Car la vie était terriblement dure pour les Juifs du Gouvernement de Lodz. Traqués, opprimés, pressurés sans relâche, ils ne pouvaient que vivre à la dérobée leurs faibles vies et goûter à la dérobée leurs faibles joies, en attendant que l’Innommable se souvint d’eux. Mais lui, Mordecai Weinberg, attendait sans se plaindre, parce qu’il songeait constamment à Golda Kaliski, qui serait sa femme lorsqu’il gagnerait assez d’argent.
Et voici que Golda était partie. Il avait appris cela un soir, brusquement, en même temps qu’il apprenait bien d’autres choses terribles ; et maintenant encore, après trois ans, il n’avait pas bien compris. Un jour elle était là auprès de lui, consentante et fidèle, supputant avec lui les mois qui venaient et le montant de leur épargne, et un autre jour, presque le lendemain, semblait-il, elle avait abandonné à la fois sa religion, sa race, et l’homme qui l’aimait.
Elle s’était peut-être rendu compte qu’il n’était pas digne d’elle, ou bien elle s’était lassée d’attendre. Et elle était partie. Partie pour suivre un Gentil, un mauvais homme, sans foi ni honneur, qui lui avait menti. Elle était partie, et Mordecai Weinberg avait pleuré parce que l’argent qu’il avait épargné à si grand’peine ne lui servait plus de rien ; et après qu’il eut pleuré que pouvait-il faire, sinon continuer à travailler de son état dans ce village du Gouvernement de Lodz, où les Juifs étaient si durement traités !?
Mais, après bien des mois, voici que des nouvelles lui étaient parvenues, des nouvelles qui venaient une par une, à de longs intervalles et après avoir passé par bien des mains, des nouvelles envoyées par des gens de leur race qui habitaient d’autres villes. Et les nouvelles disaient que le Gentil qui avait perdu Golda Kaliski par ses mensonges l’avait trahie et l’avait quittée ; et un plus tard d’autres nouvelles firent savoir qu’elle avait été malade, et qu’en sortant de l’hôpital elle était partie pour l’Angleterre.
Alors lui, Mordecai Weinberg, avait senti qu’il l’aimait toujours, et que si elle voulait encore de lui, le reste ne compterait pas. Il était allé trouver le père de Golda pour lui dire cela ; mais le père de Golda lui répondit que sa fille s’était doublement déshonorée en se livrant à un infidèle, et qu’il ne la connaissait plus.

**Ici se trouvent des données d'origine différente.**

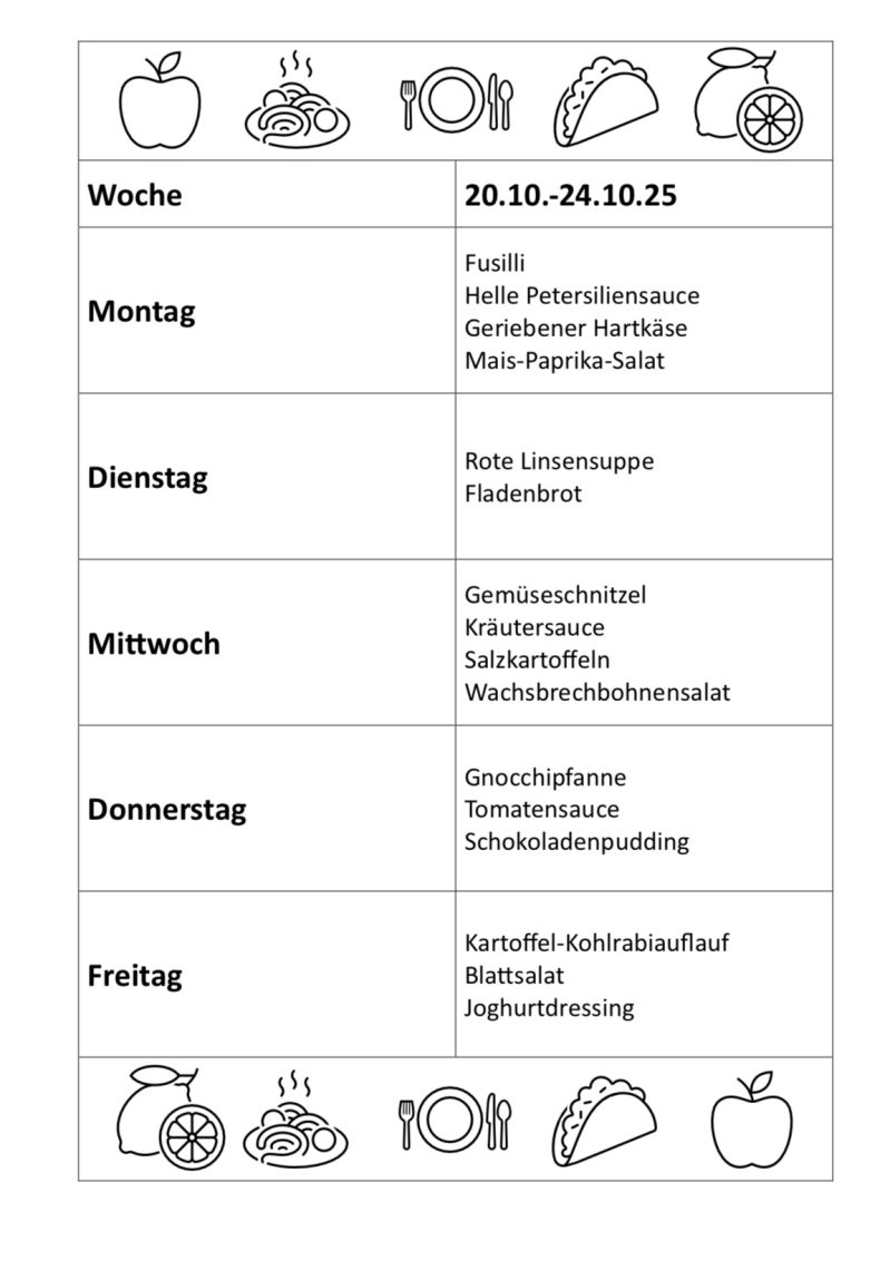 Das Essen wird nach den Richtlinien der Deutschen Gesellschaft für Ernährung (DGE) zubereitet. Falls ihr Kind Lebensmittelunverträglichkeiten hat, wird selbstverständlich darauf Rücksicht genommen.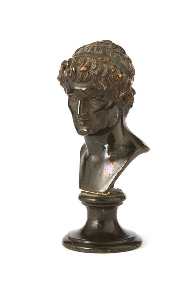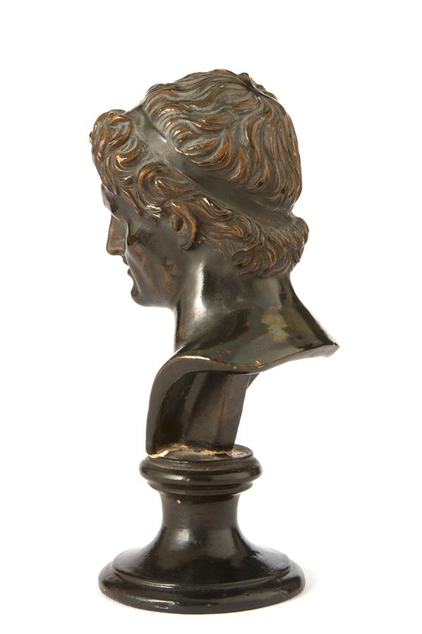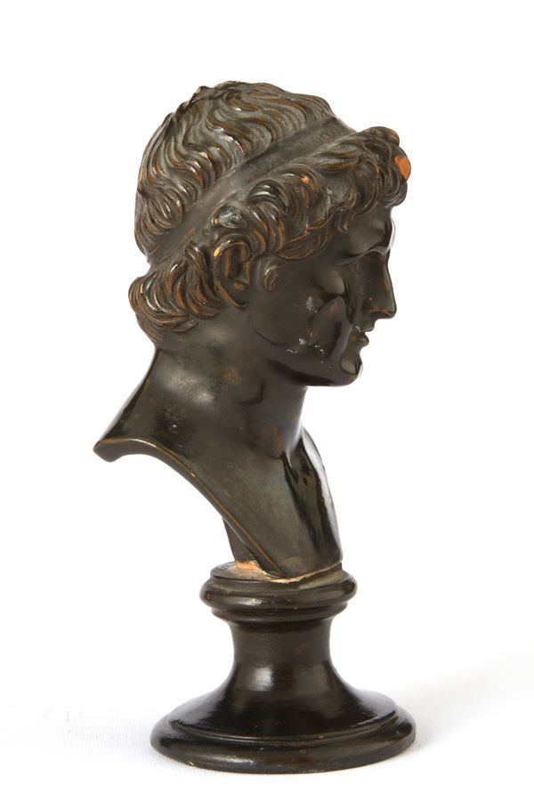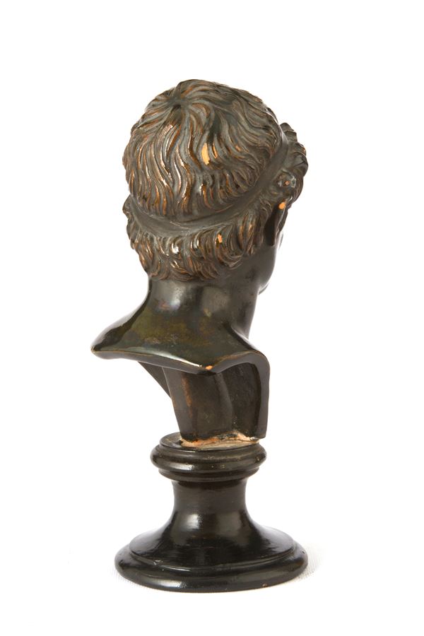 Scultura in terracotta patinata ad effetto bronzo raffigurante "TESTA DI GIULIO CESARE". XIX secolo. Difetti.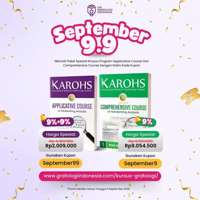 Promo hanya berlaku untuk transaksi yang dilakukan melalui website LKP Grafologi Indonesia pada tanggal promo. Pembayaran dapat dilakukan menggunakan metode transfer bank atau pembayaran digital yang tersedia. - Ketentuan Kursus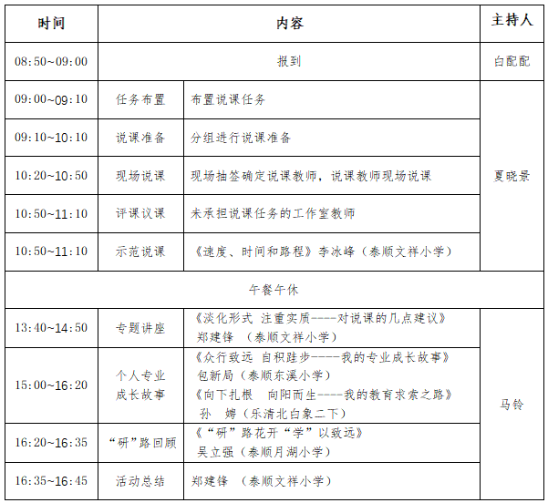 根据市名师工作室活动的文件精神和工作室研修计划,为进一步促进工作室教师对说课和专业发展的认识和理解,为个人说课和专业发展提供借鉴,提升工作室教师的专业成长,经研究,决定举行第16次主题研讨暨结业活动。现将有关事项通知如下: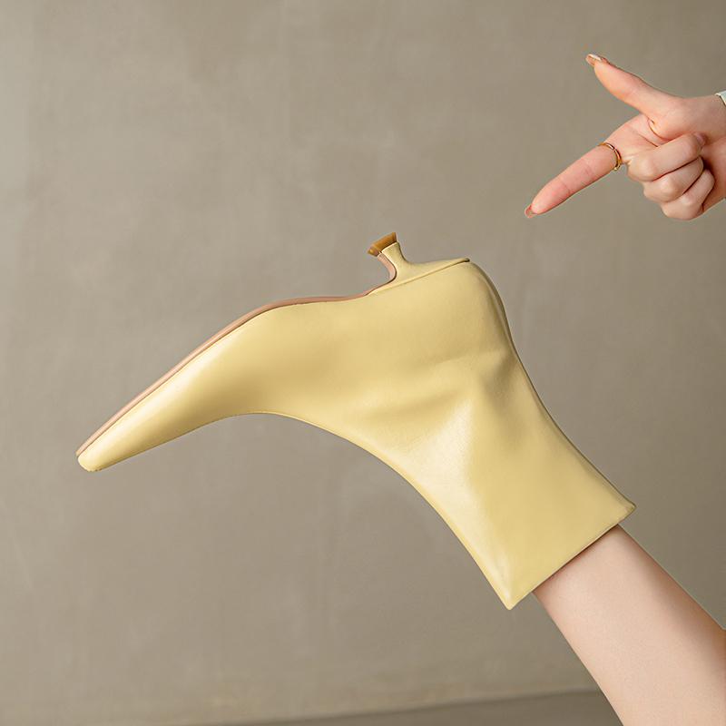 Krazing Pot Cow Skin Осенне-зимние туфли на шпильках со средним каблуком Современные ботинки с острым носком Сохраняют тепло Ботильоны желтого цвета 39 жёлтый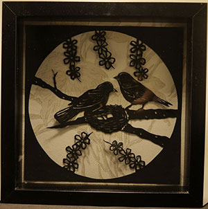 Cuadro hecho con el método del Kirigami. Representa a dos gorriones posados en la rama de un árbol. Se están ocupando de su nido. Están rodeado de varios ramilletes de flores.

Et le même soir Mordecai Weinberg était parti en se cachant, à cause des autorités, portant toute son épargne dans une ceinture de cuir. Il avait marché pendant bien des jours, rencontré des Gentils qui l’avaient battu et volé, et il avait été deux fois mis en prison. Mais son grand amour le rendait fort et hardi, et il avait inventé des ruses, trouvé des mensonges ingénieux, et marché sans presque jamais se reposer. En Allemagne des gens de sa race lui avaient prêté de l’argent pour prendre le chemin de fer jusqu’à Hambourg, et à Hambourg il avait travaillé de son état pendant trois mois pour rembourser l’argent qu’on lui avait prêté et gagner le prix de son passage.
Une fois à Londres il avait d’abord marché dans les rues depuis trois jours dans l’espoir qu’il la rencontrerait peut-être ; ensuite il avait compris que cette ville était plus grande qu’aucune ville qu’il eut jamais vue, et il avait désespéré de la retrouver jamais. On lui avait conseillé d’aller trouver les chefs de la police sans crainte, parce que dans ce pays-ci la police ne traitait pas les hommes de sa race plus mal que les autres, et il y était allé en tremblant. Les chefs de la police avaient été pleins de bonté ; mais ils lui avaient dit qu’ils ne pouvaient rien pour lui, et que d’ailleurs celle qu’il cherchait avait probablement changé de nom.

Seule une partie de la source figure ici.